Listed entries below:
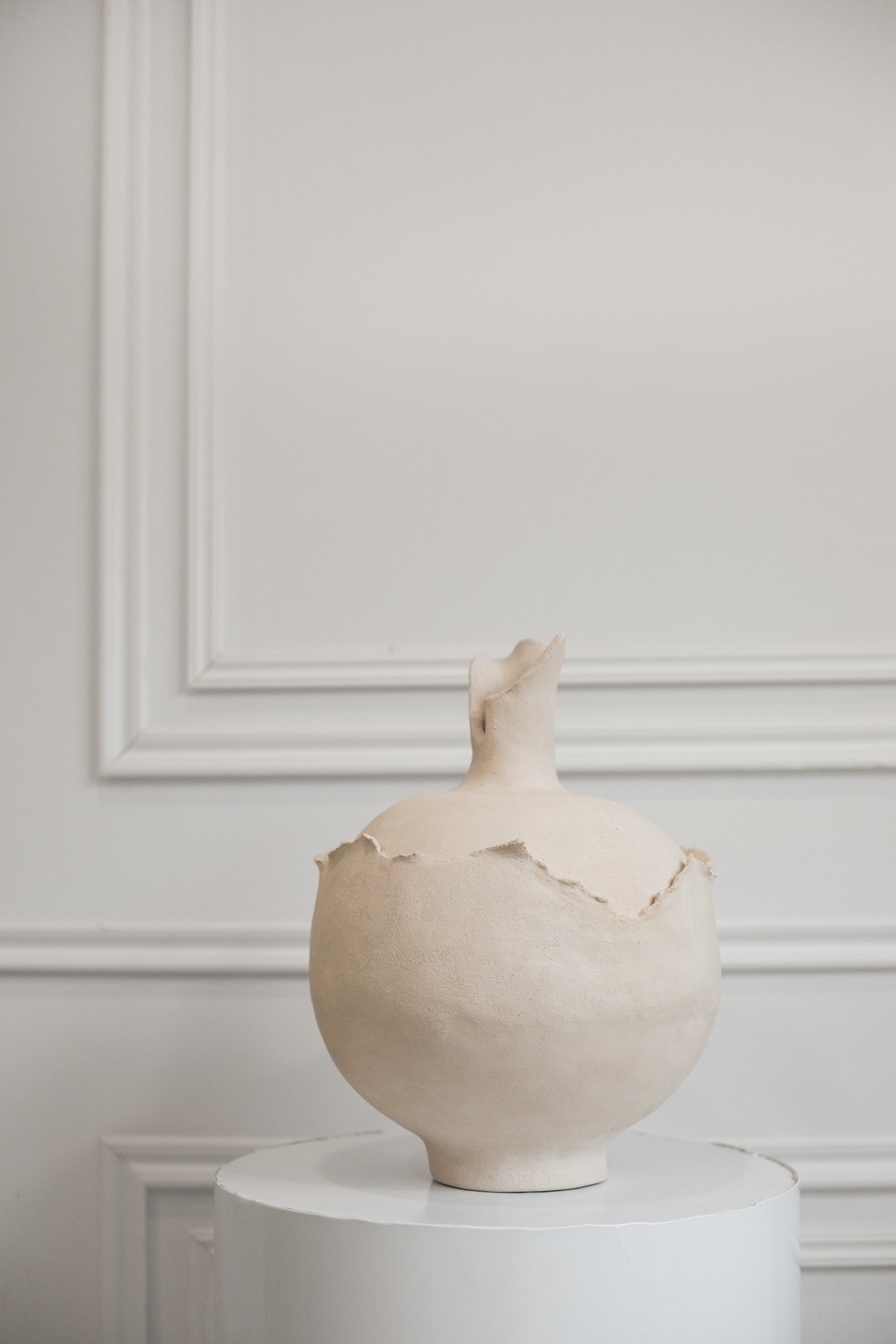 “Petrichor” evokes the earthy scent of rain-soaked soil, with its soft matte beige color and unique, weathered shape. The rounded body features a slightly irregular, torn edge, while the narrow neck rises with a subtle curve, adding raw, organic movement. Its earthy, rough texture resembles unpolished stone or clay, reinforcing its natural feel. Perfect for minimalist, rustic, or contemporary interiors, “Petrichor” brings organic warmth and an unrefined beauty that enhances any space with a calm, grounded presence.
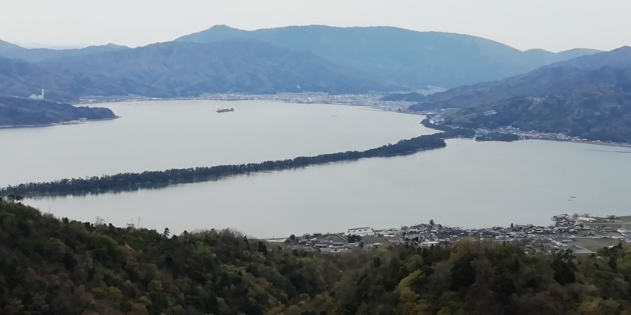 天橋立観光船、ケーブルカー、登山バスを乗り継いで西国28番札所の成相寺に参拝しました。撞かずの鐘、本堂、十王堂を拝観後、境内にある弁天山展望台に上りました。つづら折りの坂道を上ること数分で展望台に着きます。天橋立が一望でき見事な眺めです。傘松公園より高度が上がった分、よりパノラマ感があります。この展望台とは別に天気の良い日には能登半島や白山まで見渡せるパノラマ展望台がありますが片道徒歩40分ですのであきらめました。
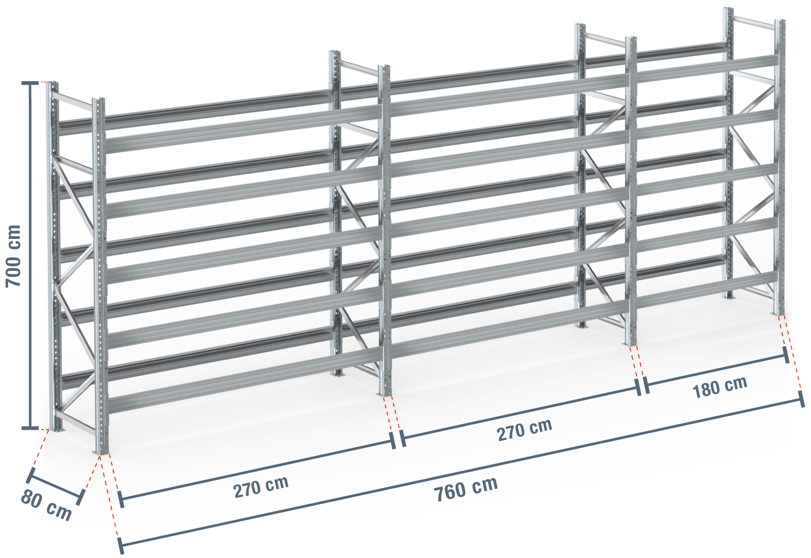 Nós oferecemos as alturas comuns de 200 cm a 750 cm em passos de 50 cm. Para alturas individuais, os montantes da prateleira são cortados à medida a pedido ou fabricados individualmente de acordo com as suas necessidades.
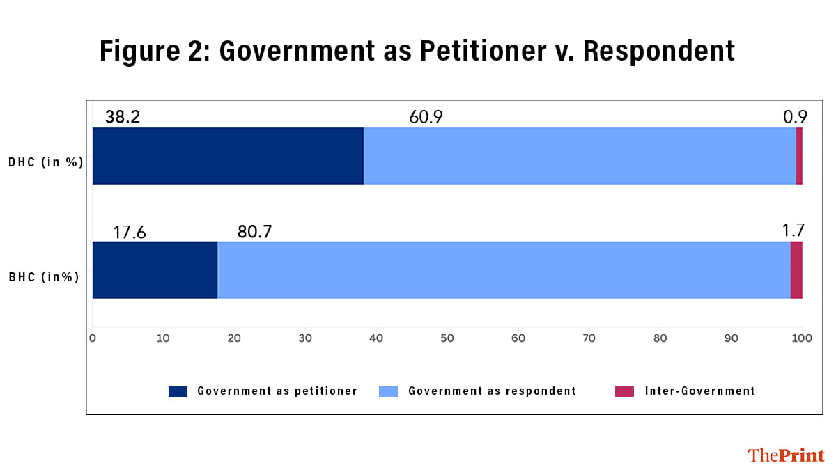 Next, we identify the cases that the government initiated. In the Bombay High Court, less than 20 per cent of the government litigation is initiated by the State. In the Delhi High Court, there is a 40-60 split between the government as a petitioner versus the respondent.
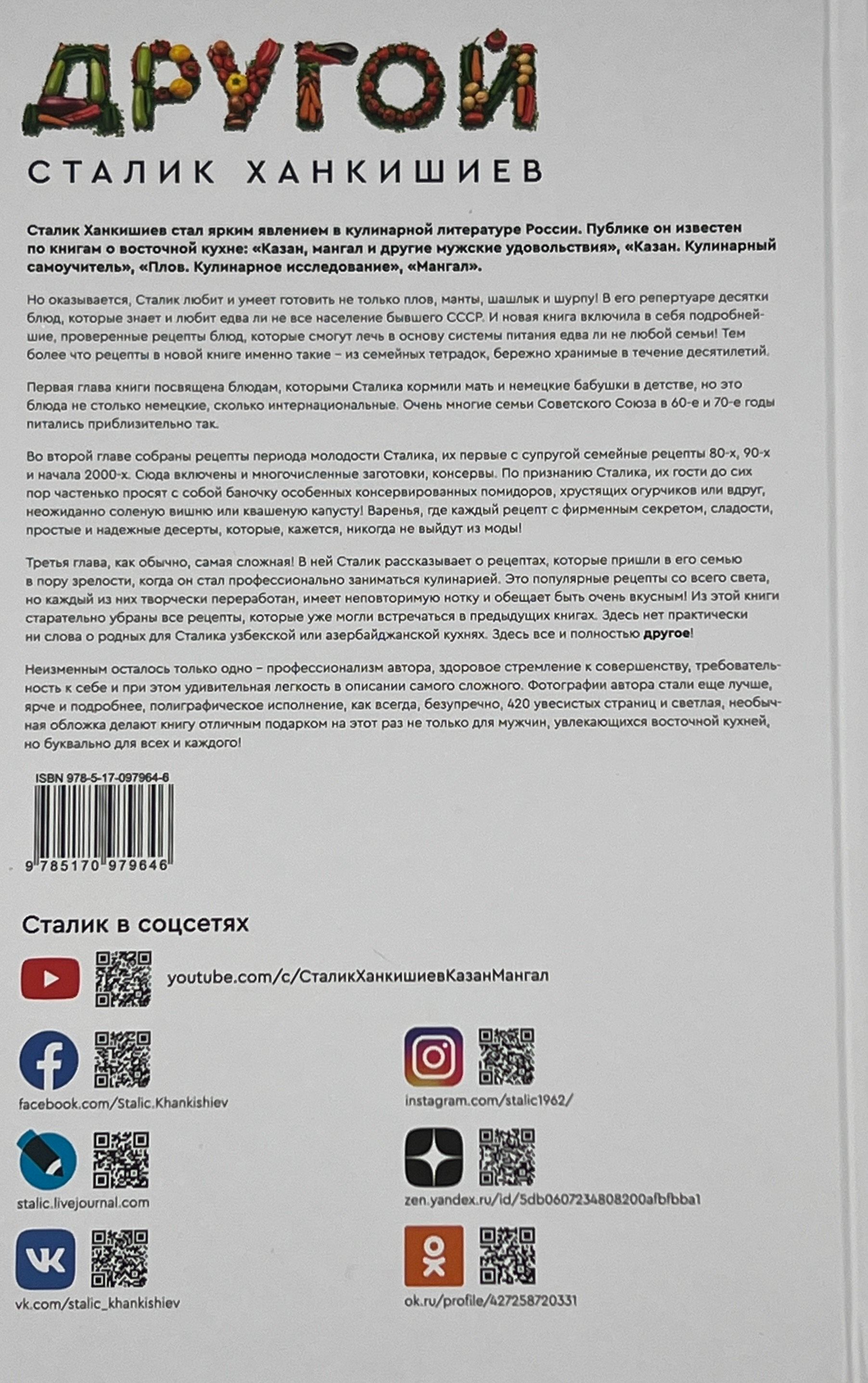 All recipes that may have already been found in previous books have been carefully removed from this book. There is practically not a word about Uzbek or Azerbaijani cuisines, which are native to S. Khankishiev. Everything here is completely OTHER!
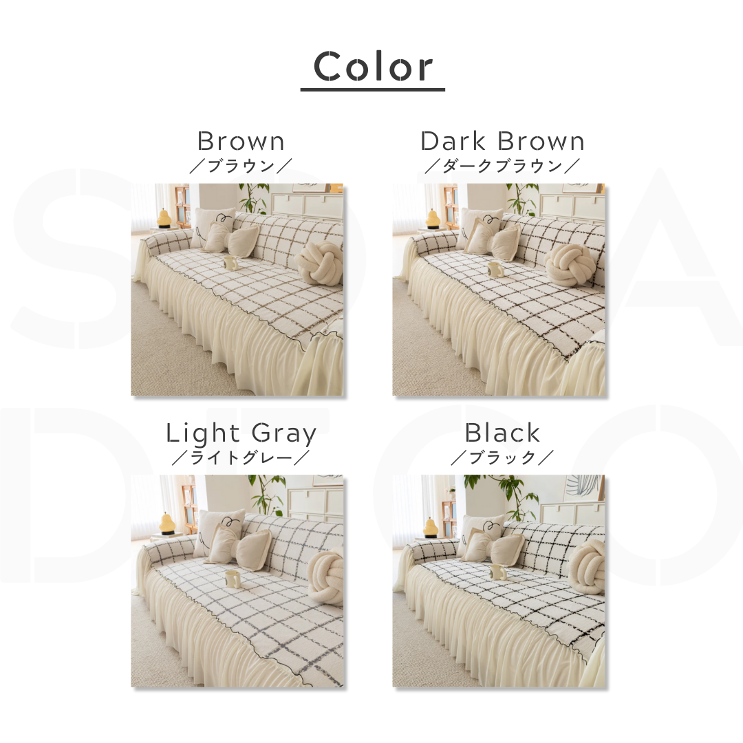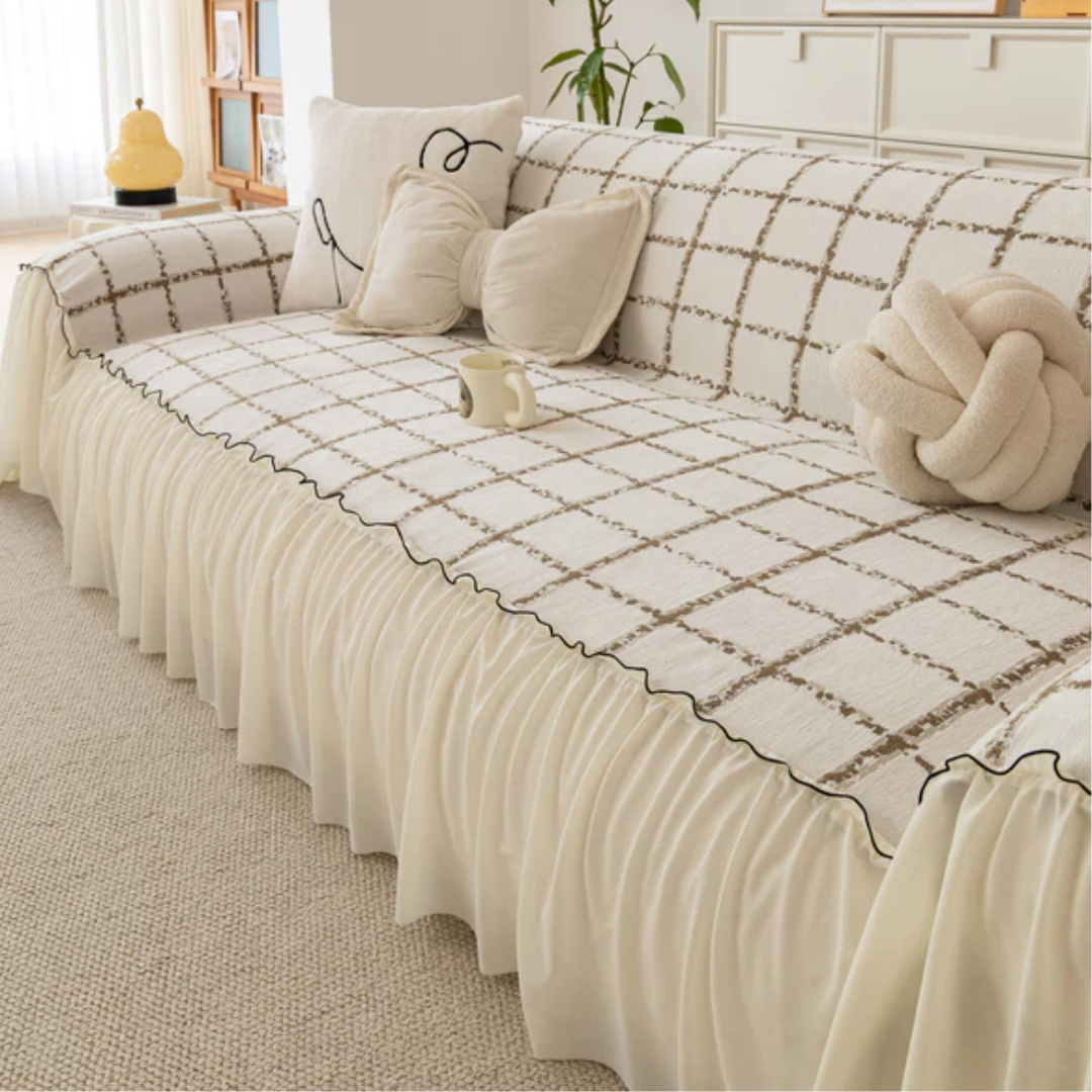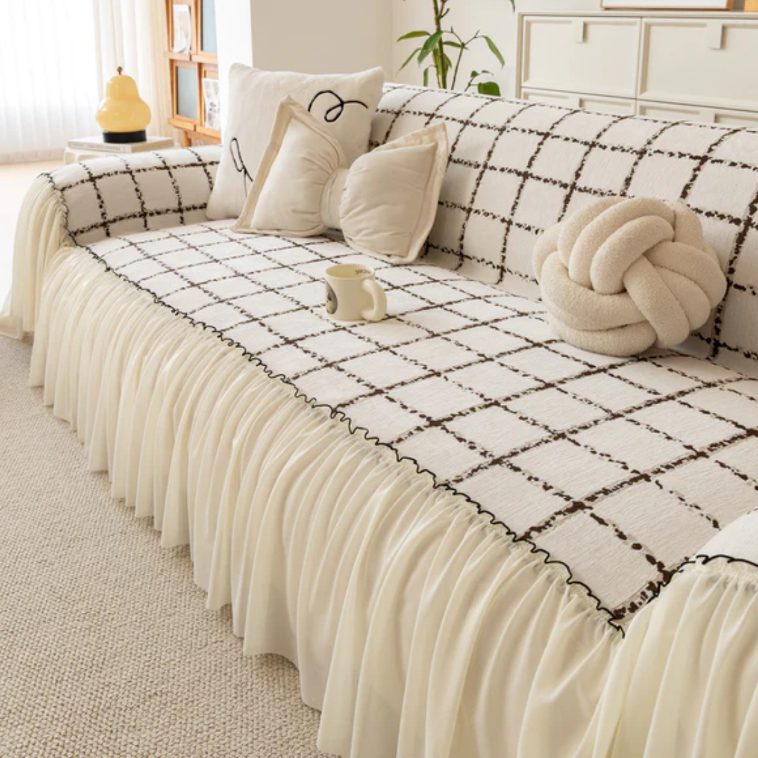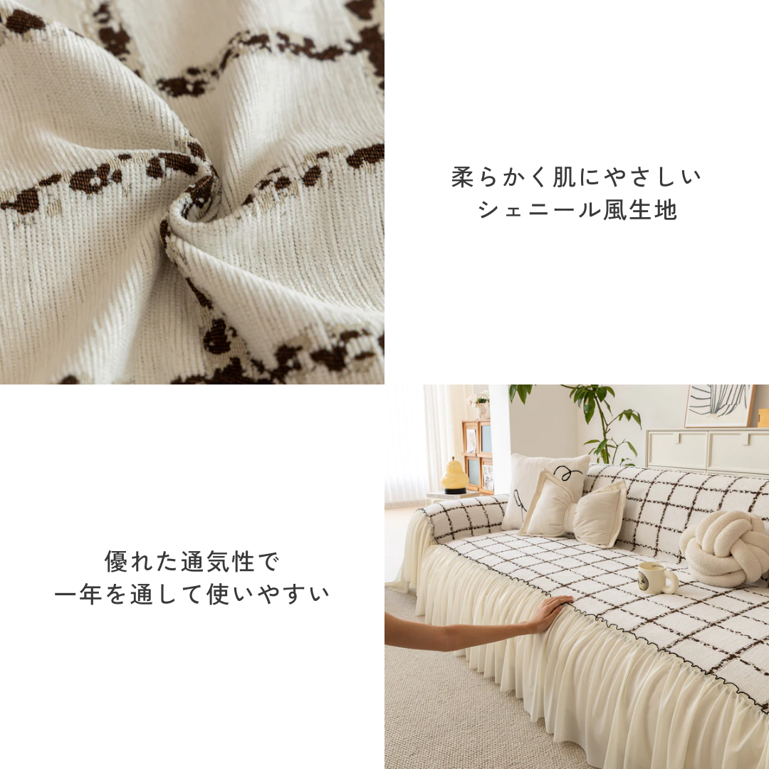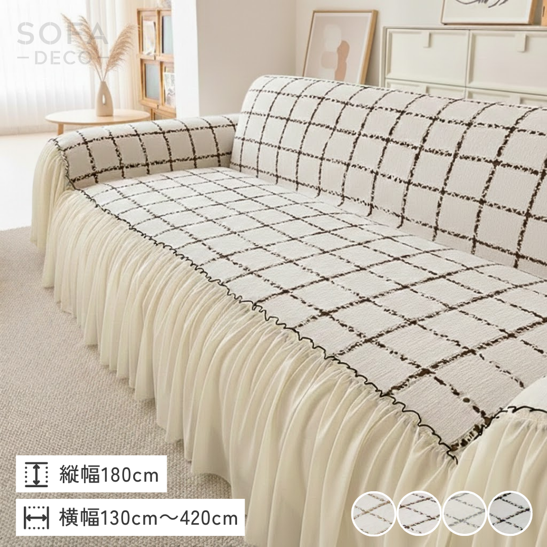 ナチュラルフリルチェックソファカバー
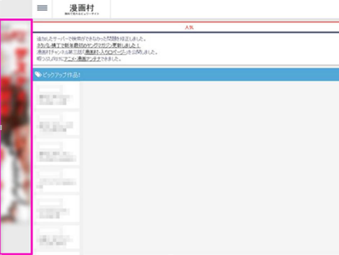 “漫画村”网站,左侧区域为A社制作广告
End of Listed entries.
Would you retype all the lines shown above, exactly as written and without any picture?

 “Petrichor” evokes the earthy scent of rain-soaked soil, with its soft matte beige color and unique, weathered shape. The rounded body features a slightly irregular, torn edge, while the narrow neck rises with a subtle curve, adding raw, organic movement. Its earthy, rough texture resembles unpolished stone or clay, reinforcing its natural feel. Perfect for minimalist, rustic, or contemporary interiors, “Petrichor” brings organic warmth and an unrefined beauty that enhances any space with a calm, grounded presence.
 天橋立観光船、ケーブルカー、登山バスを乗り継いで西国28番札所の成相寺に参拝しました。撞かずの鐘、本堂、十王堂を拝観後、境内にある弁天山展望台に上りました。つづら折りの坂道を上ること数分で展望台に着きます。天橋立が一望でき見事な眺めです。傘松公園より高度が上がった分、よりパノラマ感があります。この展望台とは別に天気の良い日には能登半島や白山まで見渡せるパノラマ展望台がありますが片道徒歩40分ですのであきらめました。
 Nós oferecemos as alturas comuns de 200 cm a 750 cm em passos de 50 cm. Para alturas individuais, os montantes da prateleira são cortados à medida a pedido ou fabricados individualmente de acordo com as suas necessidades.
 Next, we identify the cases that the government initiated. In the Bombay High Court, less than 20 per cent of the government litigation is initiated by the State. In the Delhi High Court, there is a 40-60 split between the government as a petitioner versus the respondent.
 All recipes that may have already been found in previous books have been carefully removed from this book. There is practically not a word about Uzbek or Azerbaijani cuisines, which are native to S. Khankishiev. Everything here is completely OTHER!
 ナチュラルフリルチェックソファカバー
 “漫画村”网站,左侧区域为A社制作广告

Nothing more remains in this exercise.